La gente está que muerde. Por el precio del aceite, por ejemplo, como ese hombre que salió corriendo con una garrafa de cinco litros y les clavó los dientes a los guardas del supermercado, según informaba esta semana IDEAL. O como ese aficionado al fútbol que mordió a los policías que lo detuvieron en Iznalloz, nos contaba Carlos Morán, aunque por lo visto el chaval no tenía hambre de aceite, sino de cocaína. Me sorprende lo de los bocados, pero no tanto si uno atiende a la actualidad política. “Salid a morder”, dicen todavía algunos entrenadores de fútbol. Pero es que claro, en nuestra hermana Argentina han elegido presidente a un tipo, Javier Milei, que iba a los mítines con una motosierra; y en Países Bajos a otro, Geert Wilders, que parece el hermano pequeño del conde Drácula, el general Pinochet según la película de Pablo Larraín. Que gobierne la extrema derecha no es un dato que ya nos sorprenda en Europa.
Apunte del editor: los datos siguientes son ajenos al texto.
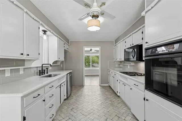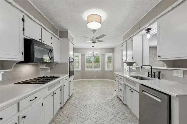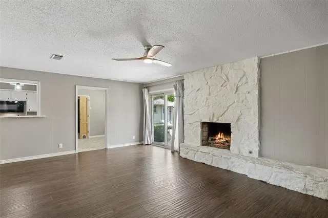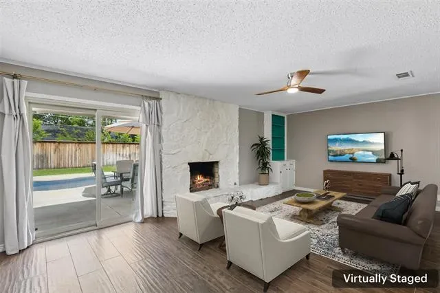 Updated 3 bedroom, 2 bath Haltom City home with pool! Nestled in a well-established neighborhood, this charming home offers a warm and inviting atmosphere with thoughtful details throughout. A spacious living room serves as the heart of the home, featuring a beautiful stone gas fireplace and picturesque windows that frame views of the yard, filling the space with natural light. The kitchen is full of character, highlighted by a cozy breakfast area with a bay window—an ideal spot to enjoy morning coffee. French doors open to a formal living and dining area, providing flexibility for gatherings, entertaining, or a quiet retreat. The home also includes a large utility room with additional storage, along with an over-sized garage offering ample space for parking and organization. Outside, the generous yard is well-suited for outdoor enjoyment, whether hosting gatherings or simply relaxing. Sprinkler system for front and back. A charming cottage-style storage building adds both function and appeal. Residents appreciate the neighborhood pool and the welcoming sense of community. The area offers a close-knit feel with opportunities to connect and enjoy everyday living. This property blends comfort, functionality, and a desirable setting, making it a wonderful place to call home. 3D tour online!
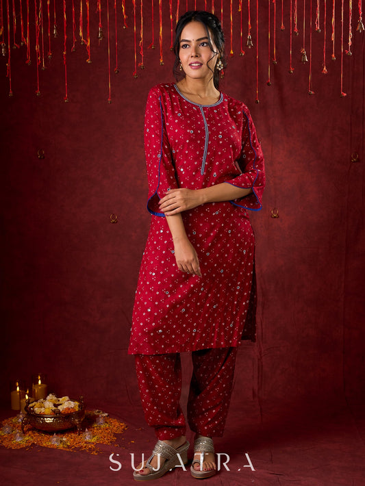 Hand-Embroidered Rayon Bandhani Kurta - Salwar n applique dupatta optional.
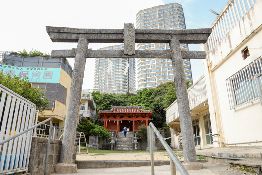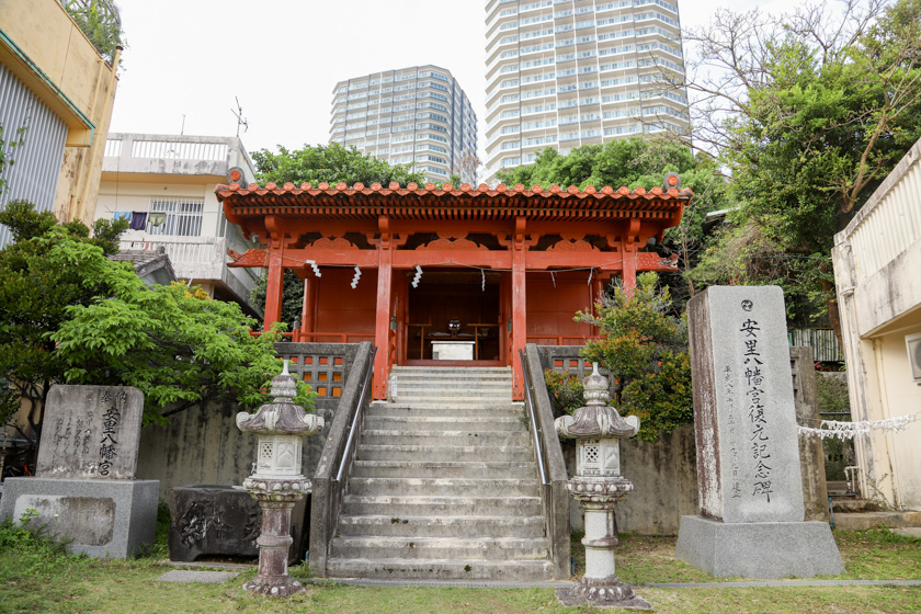 琉球八社の中で唯一「八幡様」を祀っている神社で、一番国際通りから近い神社です。住宅街の少し中に入った場所に鎮座しています。後ろにはおもろまちに建つタワーマンションがあり、少し不思議な感覚に。保育園が隣接していて時間帯によっては境内で子供達が遊んでいる事も。
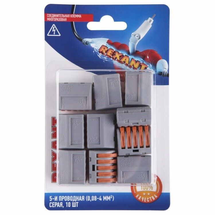 | Клемма соединительная многоразовая 5-и проводная 0.08-4кв.мм сер. (блист.10шт) Rexant 06-0202-C10 | 20.02.2026 | 2570 шт. | 23,6 ₽ | шт. | от 10 дней |
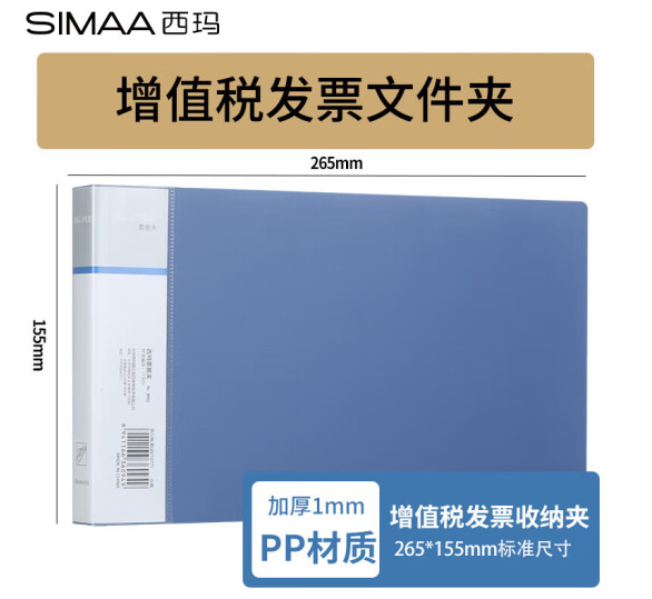西玛(SIMAA)9602PP 财务增值税发票夹 票据夹 收纳夹蓝单只装SKU:yzwhyp826621
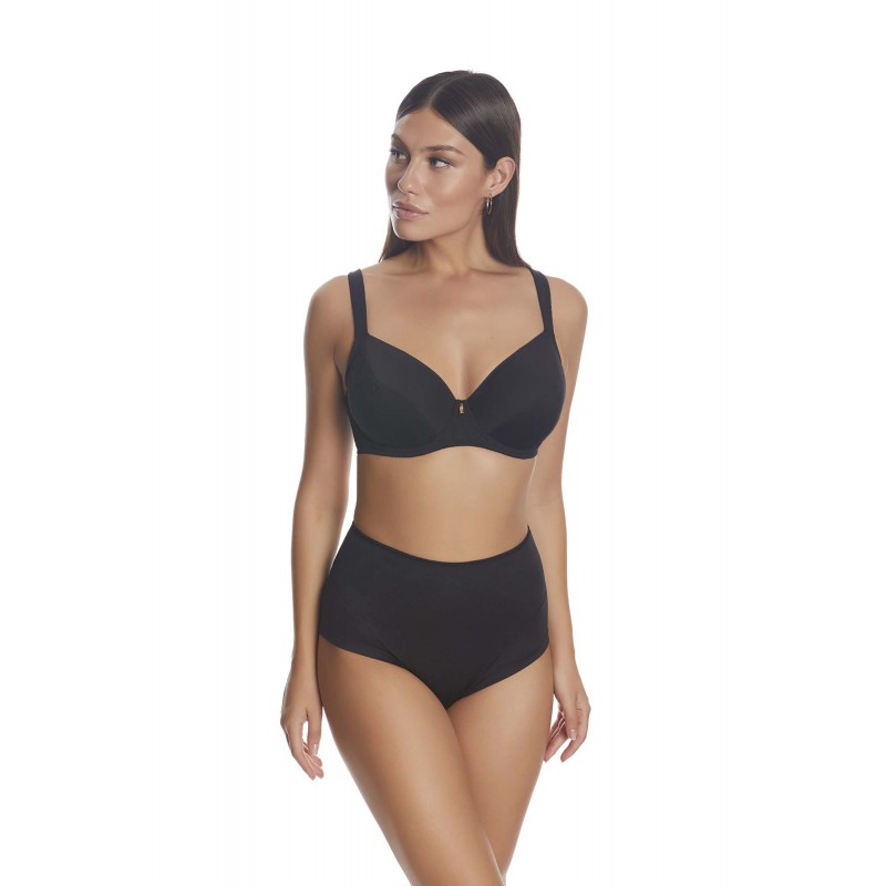 High waist girdle. Mold and reduce. The fabric of its upper part guarantees greater control and the central rear seam provides a better fit. With invisible anti-brand effect seams. The combination of its gloss-matte fabrics make it a basic but very elegant garment.
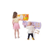 Het motoriekbord is voorzien van verschillende spelletjes: een klein telraam, een magnetisch doolhof met een pen aan een touwtje en een vormsorteerder met 4 blokken met een magneet bevestiging. Hiermee wordt op speelse wijze al gestart met het oefenen van de schrijfmotoriek, het ruimtelijke inzicht en het concentratievermogen.
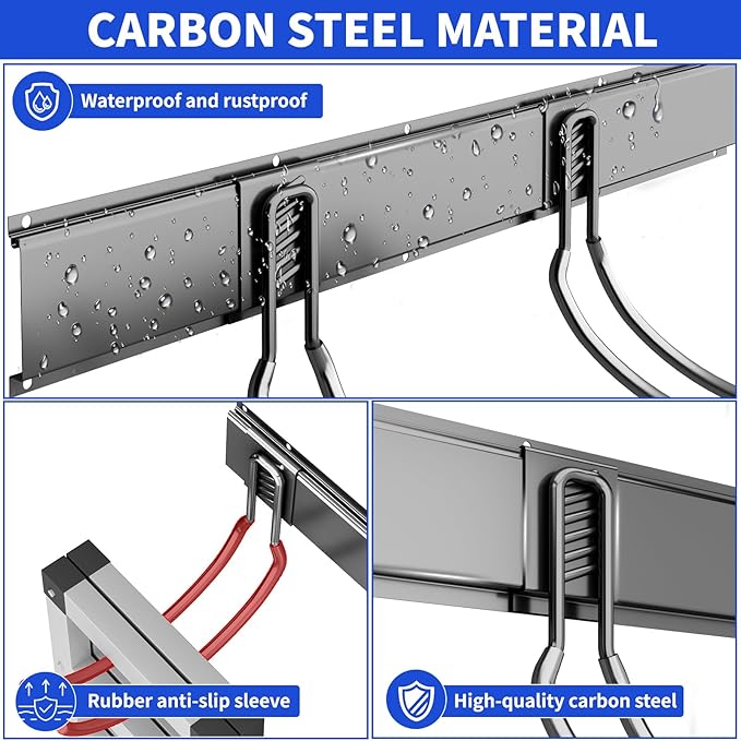 • HEAVY-DUTY 300 LBS CAPACITY: garage organizers and storage Constructed from premium steel with a rust-resistant, double powder-coated finish. Rubber-coated hooks prevent slipping. Built for long-lasting durability in your garage or garden
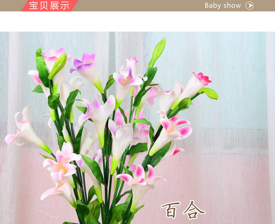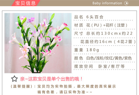 仿真PU百合 手感6頭百合花 假花 落地花藝 仿真花 家居客廳裝飾花
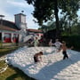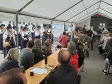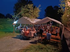 Am letzten Samstag im Juni (29.6) lud die Ortsfeuerwehr zum abendlichen Sommerfest (früher „Waldfest“) auf und neben der Open-Air-Bühne im Luftgrobm ein. Bei hohen Außentemperaturen wurde die Bühne und der Vorplatz für das Fest entsprechend hergerichtet und geschmückt. Es wurden 2 Zelte aufgestellt, zahlreiche Heurigen-garnituren, eine Schank, Weinkost, Bar, Hüpfburg, Feuerstelle usw. Sogar für die Fußballfans war man bereit und hat mit akrobatischer Leistung in schwindelnder Höhe einen Beamer samt Leinwand fürs Public Viewing der Euro 2024 installiert. Das „Waldfest“-Ambiente war durch Location in freier Natur, durch die Holzarchitektur der Bühne und die rund 40 aufgestellten Birkenstauden ebenfalls gegeben. Wahrscheinlich hat nur noch die Schießbude von anno dazumal gefehlt.

En Italia manda Giorgia Meloni; en Hungría, Viktor Orbán; en Finlandia y Suecia, formaciones extremistas son parte del gobierno; en Francia, Le Pen aventaja en las encuestas a Emmanuel Macron, y Alternativa por Alemania es ya la segunda fuerza en intención de voto en el país germano.  Por no hablar de España, donde Vox forma parte de los gobiernos autonómicos de Aragón, Murcia, Comunidad Valenciana, Castilla y León y Extremadura. Y, sin embargo, esto no es lo más llamativo, porque el Gobierno de España no existiría sin la colaboración necesaria de Carles Puigdemont, que está más a la derecha que la extrema derecha (fuera de España), y que ya ha avisado a Pedro Sánchez de que votará junto al PP una moción de censura si no cumple lo pactado. No han leído “Fausto”. (En fin, no han leído a secas, aunque les escriban libros que luego firman.) Lo que más asombra es la indignidad. Admitir que te chantajean e intentar explicar que eres una persona con ideología, el paladín del progreso y de una izquierda irreconocible. Todo sea por la familia. Así que no sorprende tanto que haya gente que muerda a la policía. Ni que en las próximas elecciones europeas el Parlamento se oscurezca. “No se negocia con secuestradores ni con terroristas”, decía en 2009 Mariano Rajoy. Lo dicen los artificieros cuando la bomba está a punto de estallar. La incongruencia política sólo alimenta el desencanto y la ira. Ese es el legado que dejan los oportunistas. Gente mordiendo en el Congreso y en la calle.